Salah satu inovasi model pembelajaran dalam matematika yaitu model pembelajaran kooperatif. Model pembelajaran kooperatif merupakan salah satu
model pembelajaran yang sesuai dengan teori belajar dari Vygotsky yaitu belajar dalam kelompok. Silberman 2011: 30 juga menjelaskan bahwa dengan belajar
secara berkelompok siswa SD memperoleh rasa aman. “Ketika siswa belajar bersama teman, mereka mendapat dukungan
emosional dan intelektual yang memungkinkan mereka melampaui ambang pengetahuan mereka. Mengelompokkan siswa dan
memberi mereka tugas untuk dikerjakan bersama merupakan cara yang baik untuk memenuhi kebutuhan sosial mereka. Siswa
menjadi cenderung lebih terlibat dalam aktivitas belajar karena mereka mengerjakan secara bersama-sama”.

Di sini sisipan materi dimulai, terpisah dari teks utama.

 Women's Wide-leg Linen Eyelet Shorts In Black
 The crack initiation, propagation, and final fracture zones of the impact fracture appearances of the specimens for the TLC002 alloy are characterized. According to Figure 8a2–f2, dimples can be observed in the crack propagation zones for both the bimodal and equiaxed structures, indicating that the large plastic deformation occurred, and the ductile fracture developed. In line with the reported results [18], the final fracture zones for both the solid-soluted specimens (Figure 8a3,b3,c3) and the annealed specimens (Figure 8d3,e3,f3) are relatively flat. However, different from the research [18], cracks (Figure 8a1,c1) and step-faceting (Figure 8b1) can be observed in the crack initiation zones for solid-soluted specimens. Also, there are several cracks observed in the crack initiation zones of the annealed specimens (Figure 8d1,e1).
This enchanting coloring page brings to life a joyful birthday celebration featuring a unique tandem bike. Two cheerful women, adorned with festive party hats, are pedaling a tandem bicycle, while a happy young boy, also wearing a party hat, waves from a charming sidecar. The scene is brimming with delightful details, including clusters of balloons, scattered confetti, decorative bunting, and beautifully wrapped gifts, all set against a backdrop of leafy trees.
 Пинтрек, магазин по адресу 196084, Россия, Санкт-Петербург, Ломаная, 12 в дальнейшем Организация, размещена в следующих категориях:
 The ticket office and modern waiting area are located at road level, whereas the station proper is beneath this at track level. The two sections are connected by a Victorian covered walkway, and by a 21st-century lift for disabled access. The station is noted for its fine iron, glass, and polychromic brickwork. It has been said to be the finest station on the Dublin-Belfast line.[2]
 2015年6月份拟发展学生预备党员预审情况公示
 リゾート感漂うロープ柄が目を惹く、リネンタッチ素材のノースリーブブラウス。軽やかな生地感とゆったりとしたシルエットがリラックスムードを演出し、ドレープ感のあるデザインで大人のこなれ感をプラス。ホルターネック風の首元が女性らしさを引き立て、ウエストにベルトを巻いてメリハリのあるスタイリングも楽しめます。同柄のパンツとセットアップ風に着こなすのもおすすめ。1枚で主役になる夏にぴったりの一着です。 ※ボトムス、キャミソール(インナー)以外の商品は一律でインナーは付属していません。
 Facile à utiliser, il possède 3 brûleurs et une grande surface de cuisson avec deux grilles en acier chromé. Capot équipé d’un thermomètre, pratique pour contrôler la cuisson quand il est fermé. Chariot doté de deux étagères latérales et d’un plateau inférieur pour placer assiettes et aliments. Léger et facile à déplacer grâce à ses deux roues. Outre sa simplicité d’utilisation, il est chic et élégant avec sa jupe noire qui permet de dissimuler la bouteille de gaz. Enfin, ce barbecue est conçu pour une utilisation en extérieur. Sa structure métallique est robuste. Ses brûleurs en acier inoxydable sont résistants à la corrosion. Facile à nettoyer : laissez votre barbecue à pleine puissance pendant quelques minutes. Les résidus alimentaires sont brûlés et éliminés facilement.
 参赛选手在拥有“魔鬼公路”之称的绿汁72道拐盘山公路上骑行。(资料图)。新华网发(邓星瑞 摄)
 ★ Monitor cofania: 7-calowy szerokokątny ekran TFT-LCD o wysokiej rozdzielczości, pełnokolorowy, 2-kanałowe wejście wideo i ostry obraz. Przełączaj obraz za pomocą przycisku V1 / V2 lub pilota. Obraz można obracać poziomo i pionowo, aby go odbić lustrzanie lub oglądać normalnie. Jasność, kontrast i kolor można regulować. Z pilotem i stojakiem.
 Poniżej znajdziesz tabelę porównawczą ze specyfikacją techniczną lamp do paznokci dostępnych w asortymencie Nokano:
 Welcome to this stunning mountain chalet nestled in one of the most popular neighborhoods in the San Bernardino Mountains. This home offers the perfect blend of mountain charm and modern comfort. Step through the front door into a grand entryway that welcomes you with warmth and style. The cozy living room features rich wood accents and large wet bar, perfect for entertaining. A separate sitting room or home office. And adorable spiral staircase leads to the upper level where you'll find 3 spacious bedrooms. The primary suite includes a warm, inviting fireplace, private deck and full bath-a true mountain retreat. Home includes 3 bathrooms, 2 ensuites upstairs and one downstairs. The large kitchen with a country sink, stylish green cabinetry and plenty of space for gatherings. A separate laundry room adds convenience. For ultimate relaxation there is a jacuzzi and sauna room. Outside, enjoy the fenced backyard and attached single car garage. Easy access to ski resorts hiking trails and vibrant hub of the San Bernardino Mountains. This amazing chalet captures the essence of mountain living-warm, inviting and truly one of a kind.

Dalam pembelajaran kooperatif terdapat tipe Cooperative Integrated Reading and Composition CIRC. Model pembelajaran ini pada mulanya
merupakan sebuah program yang komprehensif atau luas dan lengkap untuk pengajaran membaca, menulis, dan seni berbahasa pada kelas yang lebih tinggi di
sekolah dasar Slavin, 2005: 200. Tujuan utama dari model pembelajaran CIRC
6 adalah menggunakan tim-tim kooperatif untuk membantu siswa dalam memahami
bacaan yang dapat diaplikasikan secara luas. Para siswa bekerja berpasangan untuk mengidentifikasi unsur-unsur dalam bacaan tersebut, membuat penjelasan
terhadap prediksi mengenai bagaimana masalah-masalah akan diatasi dan merangkum unsur-unsur utama dari bacaan satu sama lain Slavin, 2005: 203.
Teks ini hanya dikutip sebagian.